*Exercise objective*
Output, word for word, the line that contains "Спортен модел мъжки" and all lines following it to the end of the listing. Drop the pictures.

*Supplied entries*
· · · ·
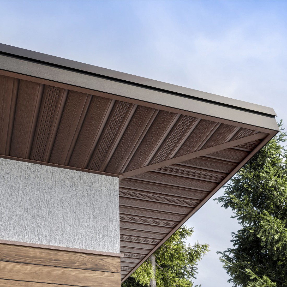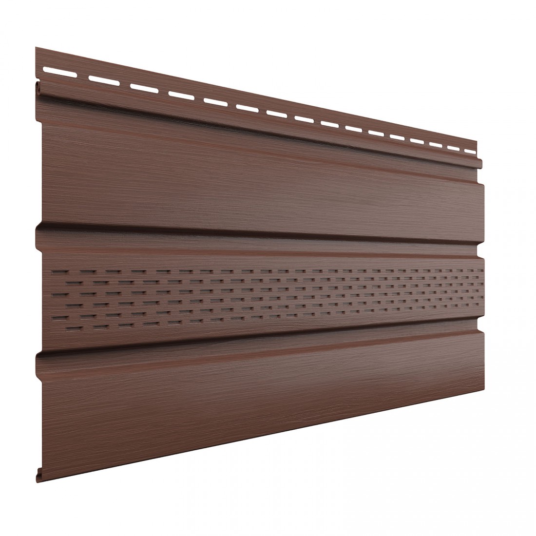 Софит ТехноНиколь Оптима частично перфорированный Каштан 3 м, 10 шт/упак купить в Сургуте по оптовой цене в интернет магазине СтройПлатформа. Софит с частичной перфорацией выполнен из ПВХ высокого качества. Изделие обеспечивает необходимый забор воздуха в подкровельное пространство, защищает его от порывов ветра, попадания снега, дождя, листьев. Предотвращает проникновение под кровлю насекомых и птиц. Используется для подшивки карнизных свесов.
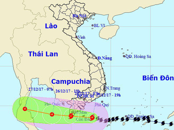 Bão Kai-tak đổi hướng di chuyển, không khí lạnh trải rộng xuống Nam Bộ
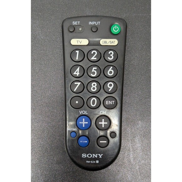 The Sony RM-EZ4 2 Device Big Button Universal Remote Control is a wireless remote control designed for use with Sony devices and other universal compatible brands. With a wireless range of 5-10 meters, this black remote features a big button design and pointer capability for easy navigation. Its compatibility with Sony devices and models makes it a versatile and convenient option for controlling your TV, video, or audio equipment from a distance.
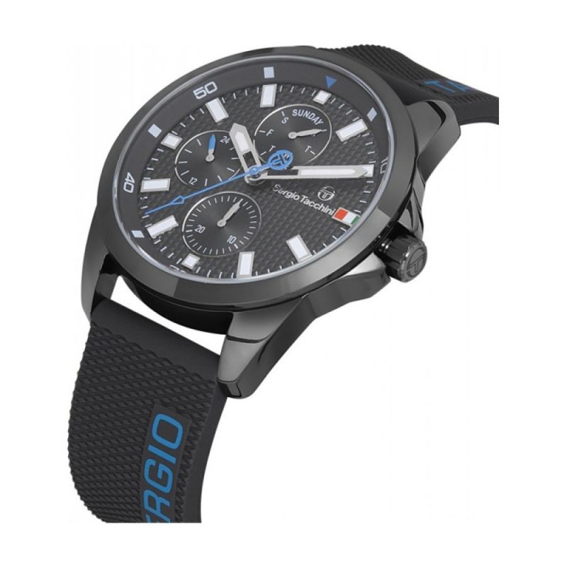 Спортен модел мъжки часовник Sergio Tacchini с мултифункционален дисплей. Корпус от неръждаема стомана в комбинация със силиконова каишка. Луминисцентно покритие на стрелките и индексите. Минерално стъкло, устойчиво на надраскване. Кварцов механизъм. Водоустойчивост 5 ATM - допускат се леки пръски и взимане на душ, не се препоръчва обилно мокрене.
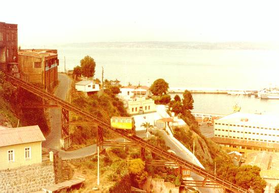 de uso normal na cidade de Valparaíso, no Chile, em foto de 1981, vendo-se ao fundo as instalações desse
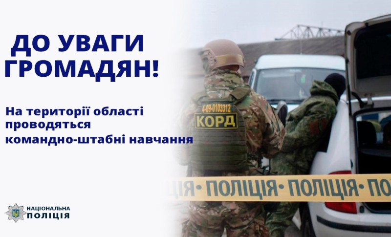 Командно-штабні навчання проводитимуться в умовах, максимально наближених до реальних, у зв’язку з чим на території̈ області може відбуватися тимчасове перекриття чи обмеження руху.
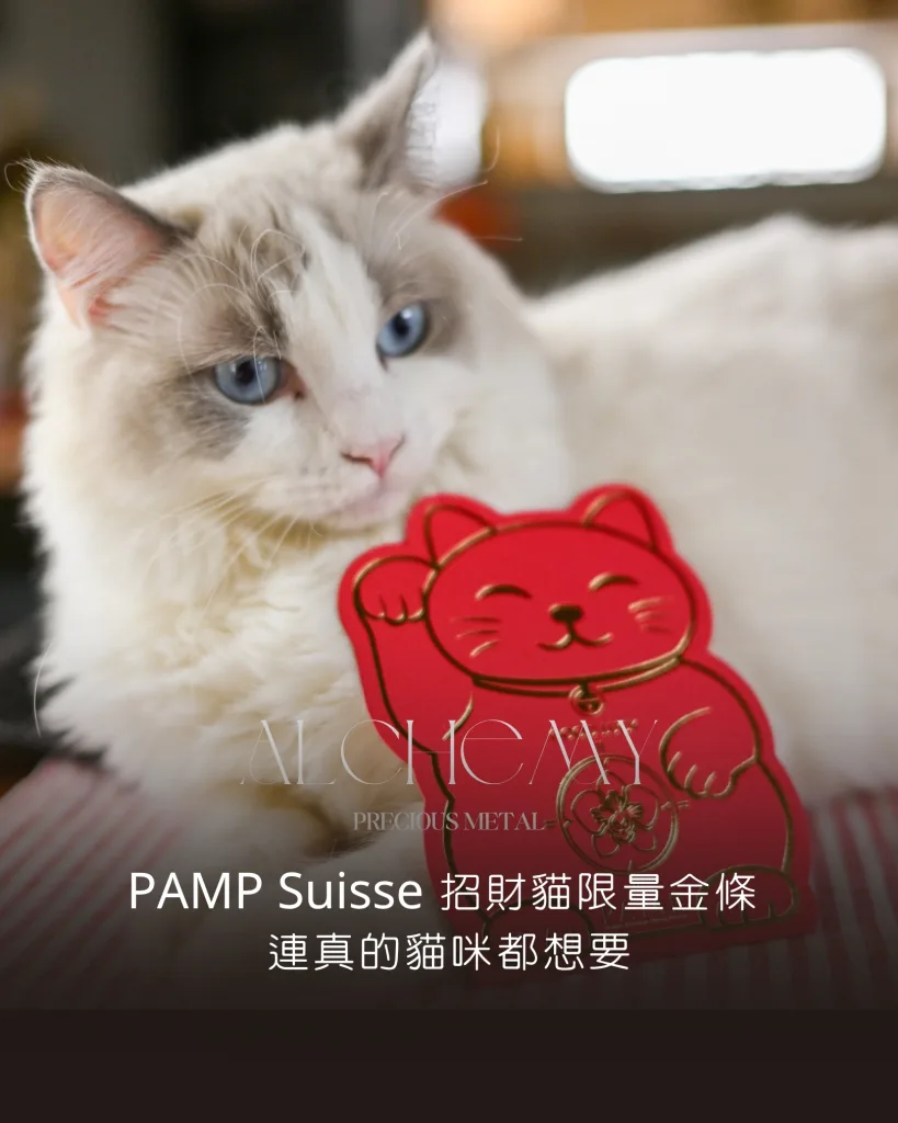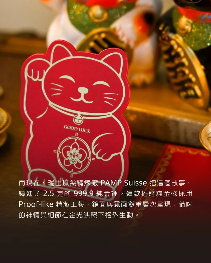而現在,瑞士頂尖精煉廠 PAMP Suisse 把這個故事,鑄進了 2.5 克的 999.9 純金裡。這款招財貓金條採用 Proof-like 精製工藝,鏡面與霧面雙重層次呈現,貓咪的神情與細節在金光映照下格外生動。
· · · ·
*Solution to the problem*
 Спортен модел мъжки часовник Sergio Tacchini с мултифункционален дисплей. Корпус от неръждаема стомана в комбинация със силиконова каишка. Луминисцентно покритие на стрелките и индексите. Минерално стъкло, устойчиво на надраскване. Кварцов механизъм. Водоустойчивост 5 ATM - допускат се леки пръски и взимане на душ, не се препоръчва обилно мокрене.
 de uso normal na cidade de Valparaíso, no Chile, em foto de 1981, vendo-se ao fundo as instalações desse
 Командно-штабні навчання проводитимуться в умовах, максимально наближених до реальних, у зв’язку з чим на території̈ області може відбуватися тимчасове перекриття чи обмеження руху.
而現在,瑞士頂尖精煉廠 PAMP Suisse 把這個故事,鑄進了 2.5 克的 999.9 純金裡。這款招財貓金條採用 Proof-like 精製工藝,鏡面與霧面雙重層次呈現,貓咪的神情與細節在金光映照下格外生動。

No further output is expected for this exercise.